◆ Task goal: From the listing below, restate word for word the lines from the line containing "跟着主食來的煎茶和培茶,都是" down through the line containing "在沙湾棉花产业有限责任公司优". Exclude pictures.

◆ Supplied information:
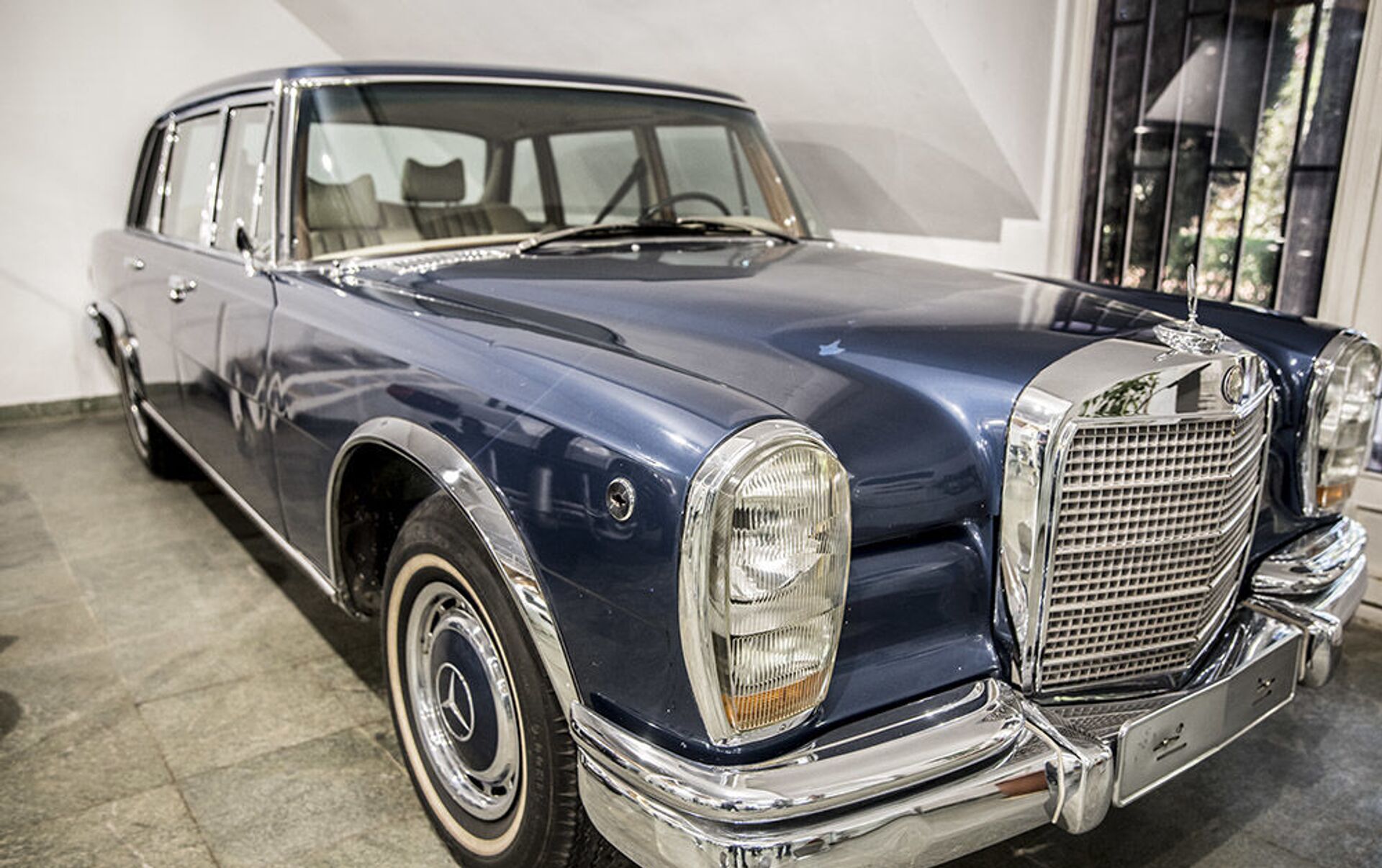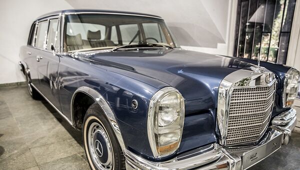 سيارة "مرسيدس بنز بولمان 600" (Mercedes Benz 600 Pullman) لآخر شاه إيراني، محمد رضا بهلوي، في متحف السيارات الملكية على أراضي مقر إقامة الشاه السابق في قصر سعد آباد في إيران.
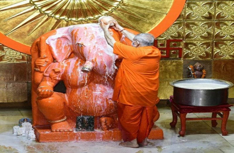 गुरु पुष्य पर भगवान गणेशजी का 672 किलो पंचामृत से अभिषेक
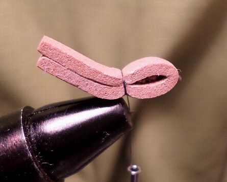 Nun kann die Hahnenhechel ebenfalls nach vorne gewunden und abgebunden werden. Um keine Fiebern in den Kopfknoten mit einzubinden, habe ich über meinem Bobbin einen kleinen pinken Gummischlauch, mit dem ich die Fiebern zurückschieben kann. Nach dem Kopfknoten (der eventuell lackiert werden kann), schneide ich die Fiebern unterhalb des Hakens ab, sodass das Oarscherl satt auf der Oberfläche aufliegt. |
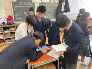 社会の小テスト前、様々な覚え方で最終確認していました。
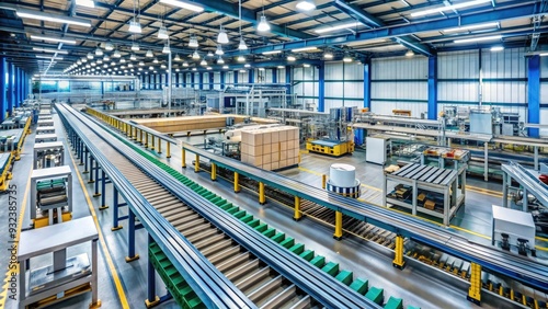 Industrial factory production line with conveyor belts, machinery, and quality control checks, illustrating the efficient planning and manufacturing process.
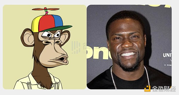 和吉米一样,知名喜剧演员凯文·哈特于 2022 年 1 月 26 日,在 Moonpay 的帮助下进行首次 NFT 购买。支付了 79.5 ETH(当时约为 20 万美元)后,凯文·哈特得到了编号为 #9258 的 BAYC「无聊猿」NFT,顶着一顶充满活力的五彩帽子,上面有一个风车。以当前的地板价 38ETH 来计算,凯文·哈特的浮亏约为 13 万美元。
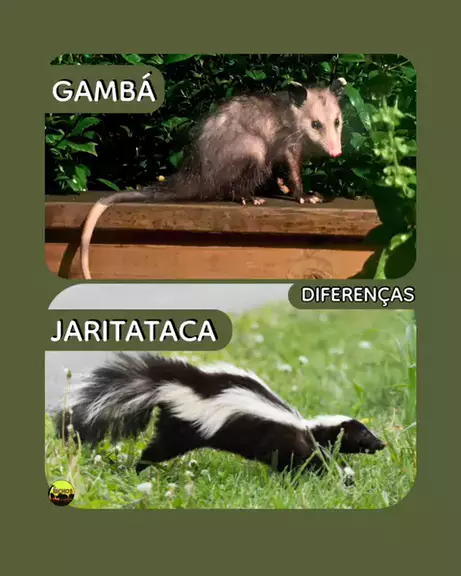 Sabia que eles tĂȘm muitas diferenças? âïž Tem um vĂdeo completo lĂĄ no nosso canal. Corre lĂĄ pra aprender todas as diferenças. #GambĂĄ #zorrilho #Jaritataca#sarue #cangambĂĄ
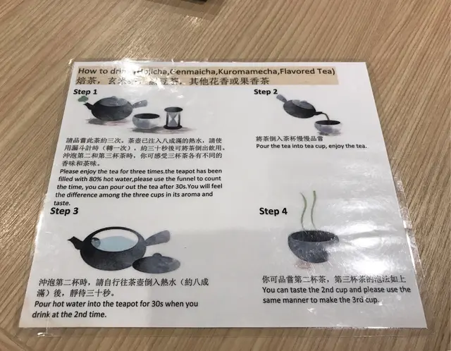跟着主食來的煎茶和培茶,都是盤內跟一個茶杯、一個茶壺及一個漏斗,感覺上真的覺得這店對沖茶的要求很高,而且茶品也很精緻。沖茶前,都需要看看指示,先將滾水到進茶壺內,然後反轉漏斗,讓流沙又頂倒到底,大約30秒左右,就可以將茶壺的茶倒進杯子裏,沖出來的茶便會恰到好處,不會因茶包泡浸得太耐,而帶有苦澀味。
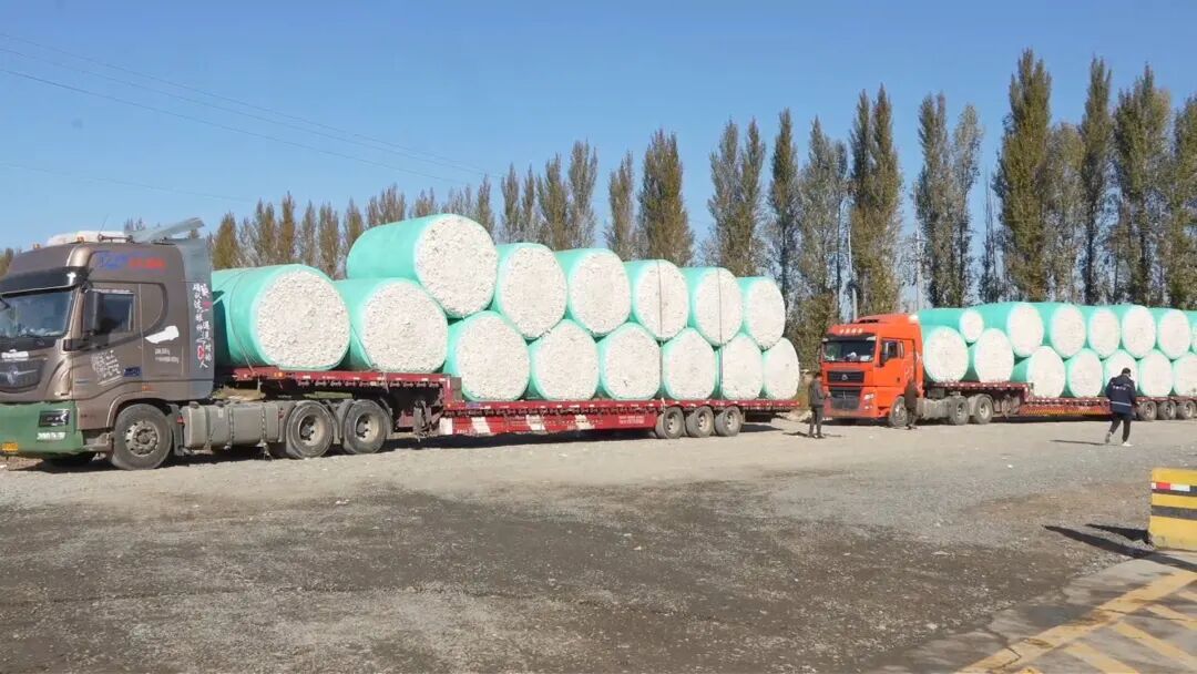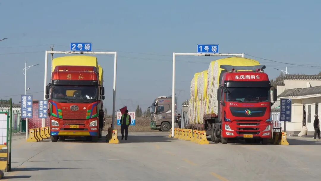 在沙湾棉花产业有限责任公司优质棉分公司,同样是一片忙碌景象。运棉车排队过磅、卸棉,工作人员正协助棉农办理收购、结算手续。
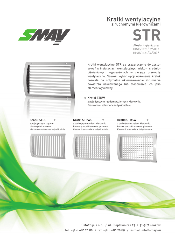 Kratki wentylacyjne z ruchomymi kierownicami STR Atesty Higieniczne: HK/B/1121/02/2007 HK/B/1121/04/2007 Kratki wentylacyjne STR s¹ przeznaczone do zastosowañ w instalacjach wentylacyjnych nisko- i œredniociœnieniowych wyposa¿onych w okr¹g³e przewody wentylacyjne. Szeroki wybór opcji wykonania kratek pozwala na optymalne ukierunkowanie strumienia powietrza nawiewanego lub stosowanie ich jako element wywiewny. Kratki STRW z pojedynczym rzêdem poziomych kierownic. Kierownice ustawiane indywidualnie. Kratki STRS Kratki STRWS Kratki STRSW z pojedynczym rzêdem pionowych kierownic. z podwójnym rzêdem kierownic. Pierwszy rz¹d kierownic poziomy. z podwójnym rzêdem kierownic. Pierwszy rz¹d kierownic pionowy. Kierownice ustawiane indywidualnie. Kierownice ustawiane indywidualnie. Kierownice ustawiane indywidualnie. y SMAY Sp. z o.o. / ul. Ciep³ownicza 29 / 31-587 Kraków tel. +48 12 680 20 80 / fax. +48 12 680 20 89 / e-mail: [email protected] Kratki wentylacyjne STR Wykonanie Ramka kratki jest wykonana ze stali. Kierownice s¹ ruchome i w wersji standardowej wykonane z aluminium. Wykoñczenie standardowe obejmuje lakierowanie na kolor bia³y RAL9010. Na zamówienie mo¿liwe jest lakierowanie na inny kolor RAL. Konstrukcja ramki i kierownic x - zale¿ne od œrednicy przewodu wentylacyjnego Dobór wysokoœci D kratek dla ø d kana³ów ød Dmax [mm] [mm] ≤160 75 200 125 250 125 315 225 400 225 500 325 630 325 800 425 Wymiary STRW STRWS STRS STRSW 32 wersja 5.2.6 Wymiary, powierzchnie czynne, masa kratek STR Poni¿ej podano standardowe wymiary kratek. Na ¿yczenie Zamawiaj¹cego mo¿liwe jest wykonanie kratek w wymiarze innym ni¿ standardowy. Gdzie: C - szerokoœæ otworu monta¿owego w mm D - wysokoœæ otworu monta¿owego w mm 2 Aeff - powierzchnia czynna w m Masa - waga kratki w kg wersja 5.2.6 STRW STRS STRSW STRWS STRW STRS STRSW STRWS Aeff Aeff Aeff Masa Masa Masa 2 m2 m2 kg kg kg 0,0029 0,0029 0,0022 0,2 0,2 0,3 C D [mm] [mm] m 75 75 125 75 0,0053 0,0055 0,0042 0,2 0,3 0,4 225 75 0,0101 0,0103 0,0078 0,4 0,4 0,6 325 75 0,0149 0,0152 0,0115 0,5 0,5 0,8 425 75 0,0197 0,0200 0,0152 0,6 0,6 1,1 525 75 0,0245 0,0249 0,0188 0,7 0,8 1,3 625 75 0,0293 0,0298 0,0225 0,8 0,9 1,5 825 75 0,0385 0,0395 0,0294 1,0 1,1 1,9 1025 1225 125 225 325 425 525 625 825 1025 1225 225 325 425 525 625 825 1025 1225 325 425 525 625 825 1025 1225 425 525 625 825 1025 1225 75 75 125 125 125 125 125 125 125 125 125 225 225 225 225 225 225 225 225 325 325 325 325 325 325 325 425 425 425 425 425 425 0,0481 0,0492 0,0367 2,0 1,4 2,6 0,0577 0,5890 0,0440 2,4 1,8 3,1 0,0100 0,0100 0,0078 0,3 0,3 0,6 0,0190 0,0188 0,0147 0,5 0,5 0,9 0,0280 0,0277 0,0215 0,7 0,7 1,2 0,0370 0,0460 0,0365 0,0454 0,0284 0,0353 0,8 1,0 0,9 1,0 1,5 1,8 0,0550 0,0543 0,0421 1,1 1,2 2,1 0,0722 0,0720 0,0551 1,4 1,5 2,9 0,0902 0,1082 0,0897 0,1074 0,0688 0,0825 2,5 3,0 2,0 2,3 3,3 3,9 0,0358 0,0358 0,0275 0,8 0,7 1,4 0,0528 0,0698 0,0527 0,0695 0,0404 0,0533 1,0 1,3 1,0 1,3 1,9 2,4 0,0868 0,0864 0,0661 1,6 1,5 3,1 0,1038 0,1033 0,0790 1,9 1,9 3,6 0,1364 0,1704 0,1370 0,1707 0,1033 0,1290 2,4 3,6 2,4 3,0 4,6 4,7 0,2044 0,2044 0,1547 4,2 3,5 5,6 0,0777 0,1027 0,0777 0,1025 0,0593 0,0781 1,4 1,9 1,4 1,8 2,7 3,5 0,1277 0,1527 0,1274 0,1523 0,0970 0,1158 2,3 2,6 2,2 2,5 4,2 4,9 0,2006 0,2506 0,2020 0,2517 0,1515 0,1892 3,3 4,6 3,2 4,0 6,1 6,4 0,3006 0,3014 0,2269 5,5 4,7 7,2 0,1355 0,1685 0,1355 0,1684 0,1030 0,1278 2,4 2,8 2,2 2,7 4,4 5,3 0,2015 0,2648 0,2013 0,2670 0,1527 0,1997 3,3 4,2 3,1 4,0 6,2 7,5 0,3308 0,3327 0,2494 5,7 4,9 8,2 0,3968 0,3984 0,2991 6,7 5,9 8,9 33 Dobór STR Nomogramy przedstawiaj¹ce charakterystykê hydrauliczn¹ i akustyczn¹ kratek znajduj¹ siê na stronie 443. Akcesoria i sposób zamówienia STR Przy zamówieniu nale¿y podaæ informacje wed³ug poni¿szego sposobu: <TYP KRATKI> - <C>x<D> - <S> - <P><RAL> / <ADD> Gdzie: <TYP KRATKI> <C> <D> <S> <P> <RAL> <ADD> - STRW, STRWS, STRS lub STRSW - szerokoœæ otworu monta¿owego w mm - wysokoœæ otworu monta¿owego w mm - œrednica przewodu wentylacyjnego w mm - wykoñczenie: * SL – stal lakierowana - kolor wg palety RAL - w tym miejscu nale¿y okreœliæ akcesoria dodatkowe jak poni¿ej: Akcesoria ** <GA> <GS> <GC> <GM> <GT> <LO1> <LO2> - przepustnica przeciwbie¿na z aluminium - przepustnica wspó³bie¿na ze stali ocynkowanej - przepustnica uchylna - przepustnica ³ukowa - przepustnica szczelinowa - deflektor sitowy o powierzchni czynnej 38% przekroju - deflektor sitowy o powierzchni czynnej 58% przekroju * wartoœci opcjonalne, w przypadku ich nie podania zostan¹ zastosowane wartoœci domyœlne ** wiêcej informacji o akcesoriach na stronie 233 w rozdziale V Przyk³ad zamówienia: STRW – 525x225 – 315 – SL9010 / GM 34 wersja 5.2.6
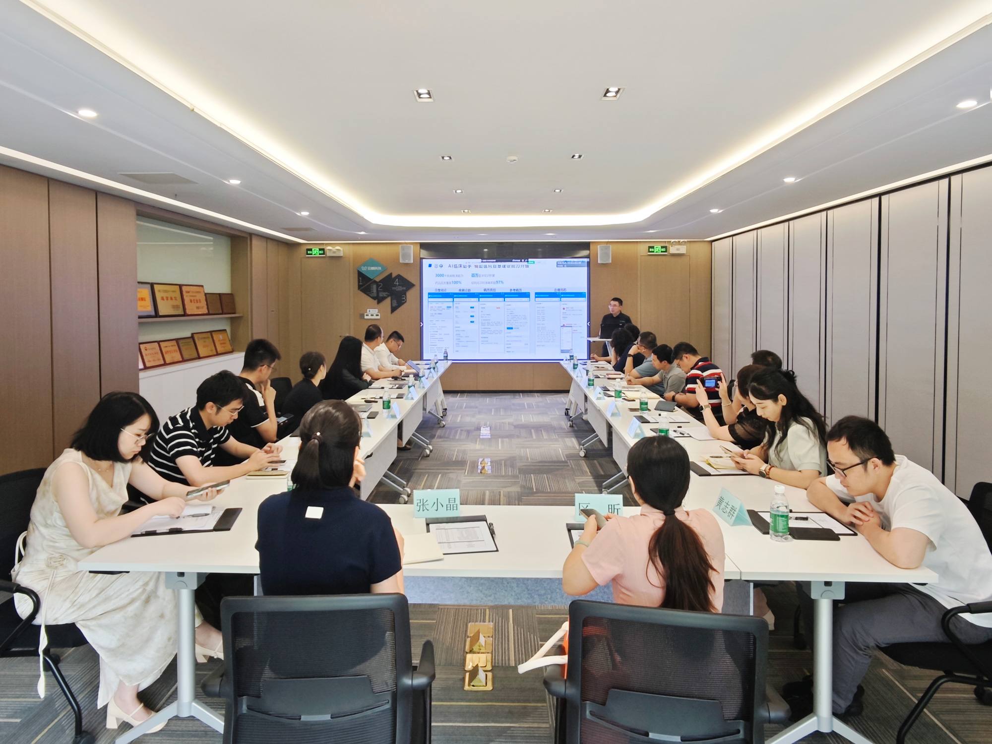 在公司展廳,云蝶科技副總裁羅崇鍵向海珠區(qū)衛(wèi)生健康局一行介紹了公司在人工智能與大模型領(lǐng)域的發(fā)展歷程、技術(shù)優(yōu)勢(shì)以及為教育、醫(yī)療、政務(wù)等多個(gè)領(lǐng)域量身打造的智能化解決方案。來(lái)賓們?cè)诼?tīng)取介紹與體驗(yàn)產(chǎn)品后,對(duì)云蝶科技以人工智能賦能產(chǎn)業(yè)創(chuàng)新給予高度評(píng)價(jià)。
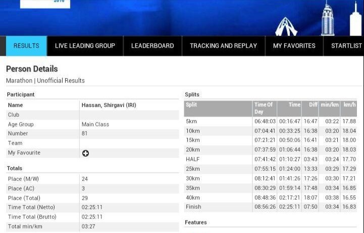 وی گفت: در این مسابقات که مرحله ماقبل آخر انتخابی المپیک رشته دوی ماراتون است، بیش از 3 هزار نفر از کشورهای مختلف جهان در دبی حضور داشتند و من توانستم با تمرینهایی که از قبل داشتم در رده سنی خودم عنوان سوم را کسب کنم و در مجموع نفرات شرکت کننده در این دوره از مسابقات نفر بیست و نهم شدم.
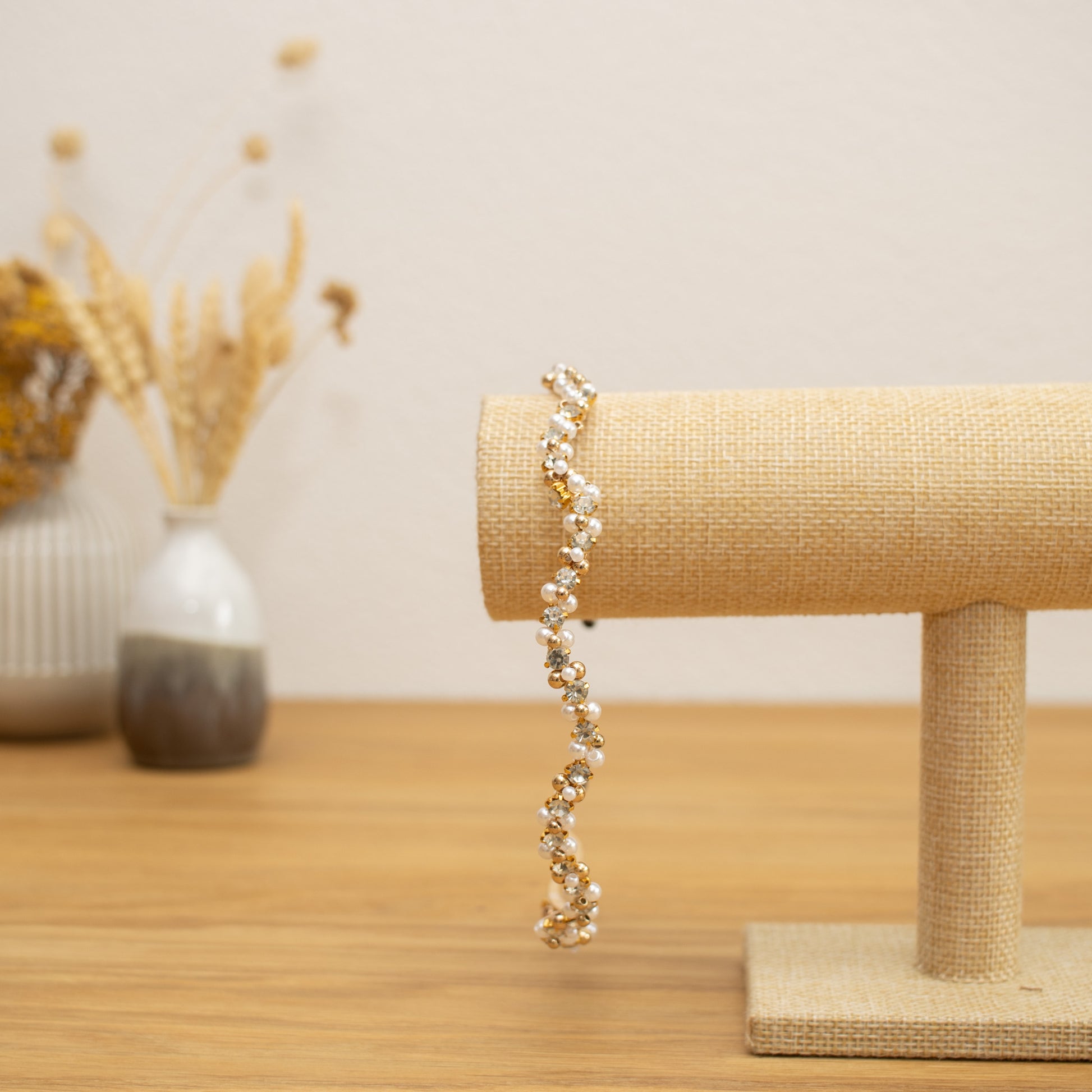 Mit unserem Haarreif "Grace" verleihen Sie Ihrem Haar mühelos einen Hauch von zeitloser Eleganz und Stil. Dieses vielseitige Accessoire ist ein Must-have für jede Schmuckkollektion und eignet sich hervorragend als Geschenk für sich selbst oder Ihre Liebsten!

◆ Response area:
跟着主食來的煎茶和培茶,都是盤內跟一個茶杯、一個茶壺及一個漏斗,感覺上真的覺得這店對沖茶的要求很高,而且茶品也很精緻。沖茶前,都需要看看指示,先將滾水到進茶壺內,然後反轉漏斗,讓流沙又頂倒到底,大約30秒左右,就可以將茶壺的茶倒進杯子裏,沖出來的茶便會恰到好處,不會因茶包泡浸得太耐,而帶有苦澀味。
 在沙湾棉花产业有限责任公司优质棉分公司,同样是一片忙碌景象。运棉车排队过磅、卸棉,工作人员正协助棉农办理收购、结算手续。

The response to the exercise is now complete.